We must understand that medications are not for complete cure. By effective medication, we can blunt the onslaught of diseases. With effective use of aspirin, statins, ACE inhibitor etc, we can reduce the brunt of Ischemic Heart Disease significantly. However, caution should be made of injudicious and unwanted medications as it can do more harm than good.
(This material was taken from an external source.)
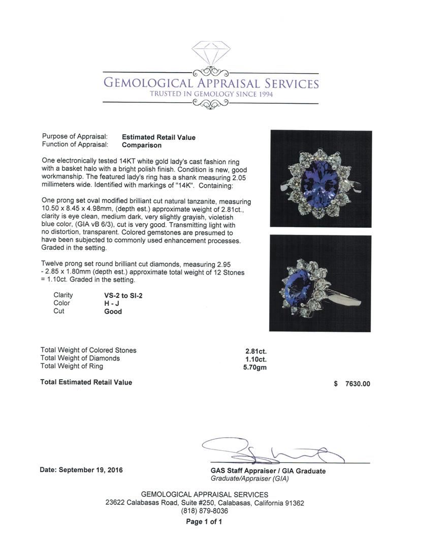 One electronically tested 14KT white gold lady's cast fashion ring with a basket halo with a bright polish finish. The featured lady's ring has a shank measuring 2.05 millimeters wide. Identified with markings of '14K'. Condition is new, good workmanship. Containing: One prong set oval modified brilliant cut natural tanzanite, measuring 10.50 x 8.45 x 4.98mm, (depth est.) approximate weight of 2.81ct., clarity is eye clean, medium dark, very slightly grayish, violetish blue color, (GIA vB 6/3), cut is very good. Transmitting light with no distortion, transparent. Colored gemstones are presumed to have been subjected to commonly used enhancement processes. Graded in the setting. Twelve prong set round brilliant cut diamonds, measuring 2.95 - 2.85 x 1.80mm (depth est.) approximate total weight of 12 Stones = 1.10ct. Graded in the setting. Clarity VS-2 to SI-2. Color: H - J Cut Good. Total Weight of Colored Stones 2.81ct.. Total Weight of Diamonds 1.10ct.. Total Weight of Ring 5.70gm. GAS Appraised at $7,630.00.
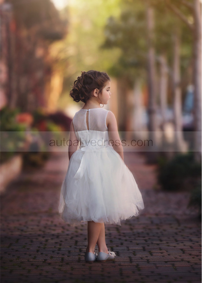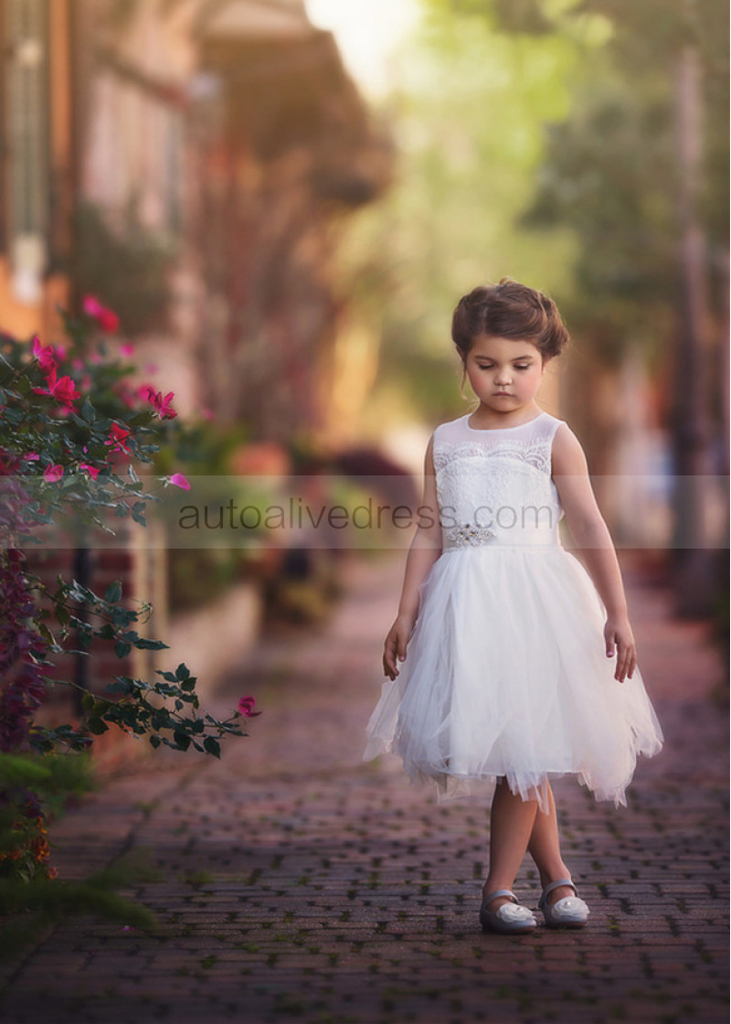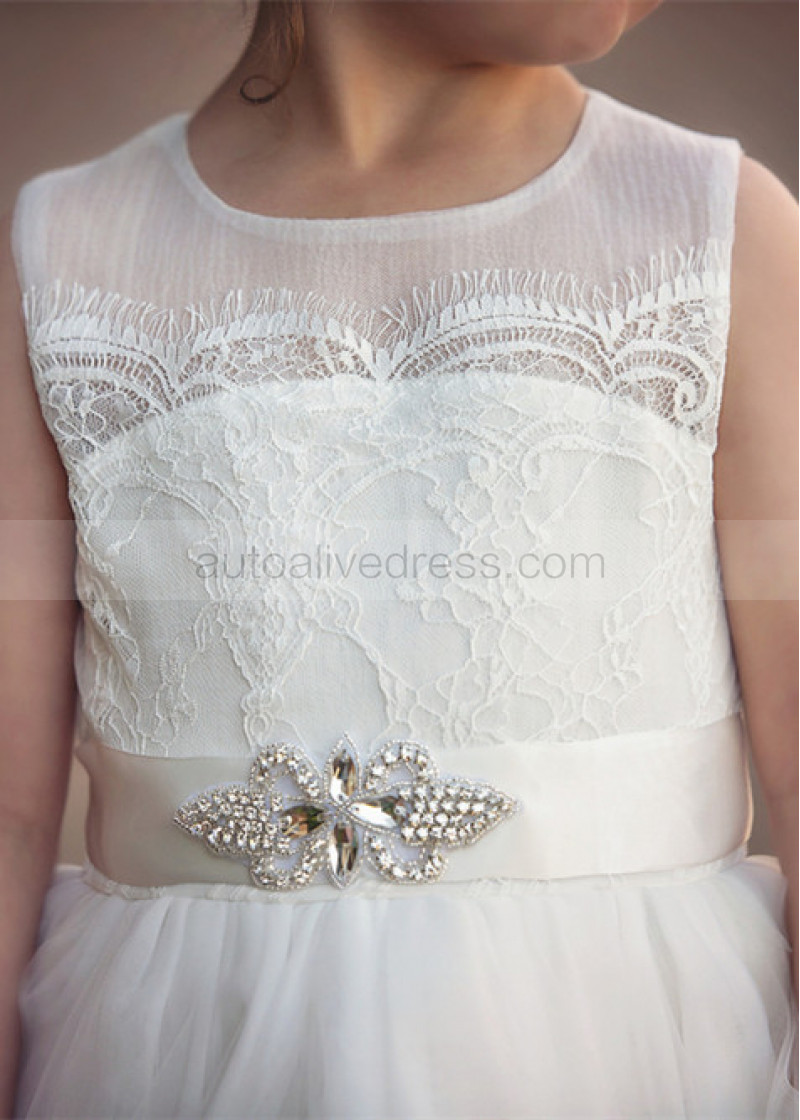 Ivory Lace Tulle Slit Back Flower Girl Dress

What are the common medications?
Common medications include aspirin and other anti-platelets, Statins, ACE inhibitor, Anti diabetics, Diuretics, Calcium channel blocker, Betablocker, and Digitalis.
Illustrious AFMC alumnus
Dr (Col) Manjinder Singh Sandhu graduated from Armed Forces Medical College in 1986. He did his MD (Medicine) from Pune University and DNB (Medicine) in 1993. He was awarded the gold medal in MD. He did his DM (Cardiology) from PGIMER, Chandigarh, in 2001. He had a distinguished career in the Army Medical Corps. His last posting was at Base Hospital, Delhi Cantonment, as Senior Adviser (Medicine and Cardiology). He also held the post of Additional Professor of Medicine and Cardiology at Army College of Medical Sciences, Delhi Cantonment. A Principal Investigator in research projects of the Department of Biotechnology, Ministry of Science and Technology, Govt of India, and Armed Forces Medical Research Committee, he has taught post-graduate students in Medicine and Cardiology. He has had the honour of being the accompanying Cardiologist to the President of India.
Dr Sandhu is an active member of the Association of Physicians of India, the Cardiological Society of India, the American Heart Association, the European Society of Cardiology, and the European Association of Percutaneous Interventions. He is a fellow of American College of Cardiology and Society for Cardiac Angiography and Interventions. His areas of expertise include complex coronary interventions, rotational atherectomy, transradial interventions, peripheral interventions (carotid and renal, device closure of congenital heart defects, pacemakers, ICDs and cardiac resynchronisation therapy implants), and Balloon Valvuloplasty.